In late September, after three months at sea, some elements of the dispersed fleet reached Nova Scotia, but nine of the ten ships-of-the-line were still absent and thousands of soldiers and sailors were dead or dying from causes that appear to have included scurvy, typhus, and typhoid. The dismal state of his expedition may have been too much for d'Enville, who had suffered several seizures over the previous six months, and he died from a stroke just days after making harbor at Chibouctou (Halifax, Nova Scotia). Ironically, within hours most of the missing vessels sailed into the bay. Adding to the confusion, a week later the new commander resigned his post and apparently attempted suicide when senior officers refused his advice to return to France (after a long discussion of the evidence Pritchard unhelpfully declares the reader must decide what happened [p. 143]).

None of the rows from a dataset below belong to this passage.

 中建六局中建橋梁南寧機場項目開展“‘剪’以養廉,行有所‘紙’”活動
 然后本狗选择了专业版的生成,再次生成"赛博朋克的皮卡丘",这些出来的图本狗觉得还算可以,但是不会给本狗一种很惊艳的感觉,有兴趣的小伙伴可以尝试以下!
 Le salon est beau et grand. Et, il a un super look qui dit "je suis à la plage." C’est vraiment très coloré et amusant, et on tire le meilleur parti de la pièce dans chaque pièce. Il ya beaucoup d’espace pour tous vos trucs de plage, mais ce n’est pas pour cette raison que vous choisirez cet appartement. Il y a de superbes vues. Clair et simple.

An attack planned on Annapolis Royal (Nova Scotia) was broken up by yet another gale. Then, with senior officers convinced that further offensive action was impossible, the fleet, once again scattered to the winds, limped back to France having spent just three weeks in Canada. Besides the thousands of men who died of disease, storms and accidents caused the loss of three capital ships. Worse still, perhaps one-third to one-half of the Micmac Indians of Nova Scotia perished from diseases brought by the French. Nothing was learned from the disaster, since official inquiries under Maurepas predictably found no fault with the planning or execution of the expedition. Pritchard hints that officials may have destroyed documents to cover up the dimensions of the catastrophe and to avoid responsibility.

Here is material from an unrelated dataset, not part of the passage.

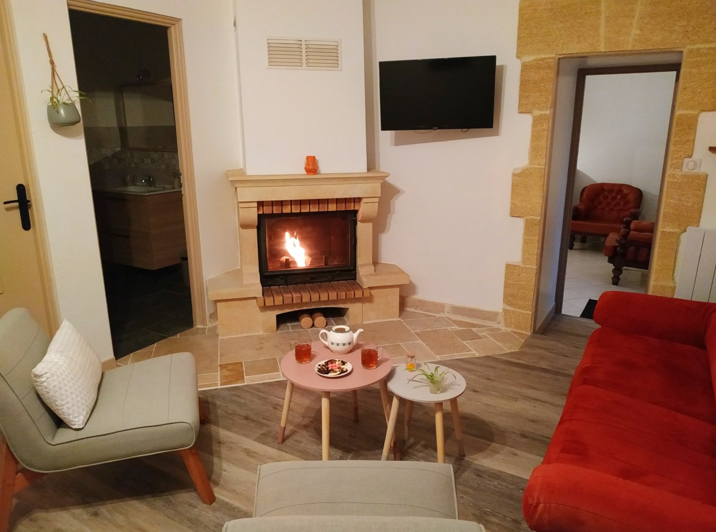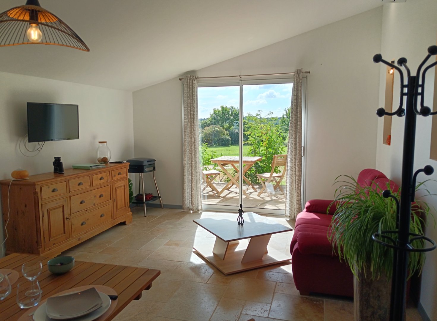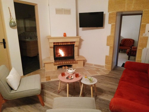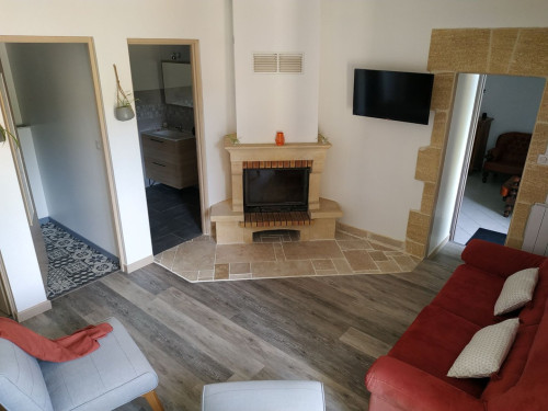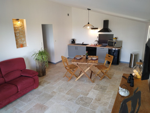- l'entrée se fait par la pièce à vivre : 1 cuisine avec salle à manger pour 10 personnes et salon (1 TV)

Pritchard argues that "nature, in its climactic and pathogenic guises, destroyed the French expeditionary force," but that "human weakness, personal ambition, and personal competence" were also contributing factors to the debacle (p. 12). Unfortunately, the author does not sort out whether greater competence and determination might have overcome the misfortunes of nature. As promised in the introduction, there is no attempt to create a systematic explanatory framework, and so the key thesis paragraph ends with the conclusion that "forces remained over which men continued to exercise little or no control" (p. 12). We are briefly told, however, of an expedition of 1745 that appears remarkably similar in outcome to the d'Enville expedition the following year; where such a pattern exists, perhaps more systematic attention to larger, structural causes and factors might have been in order.
Anatomy of a Naval Disaster is a thoroughly researched and amply documented study, with twenty-three tables of information, six maps and charts, an appendix, extensive bibliography, and over a dozen engravings and photographs. The book will be of interest primarily to specialists in eighteenth-century French naval and colonial affairs, and secondarily to scholars of royal administration and court politics. As Pritchard intended, his account does indeed reveal much about "the ambitions and frailty of men, the arbitrariness of success, and the limits of power in the eighteenth century" (p. 12).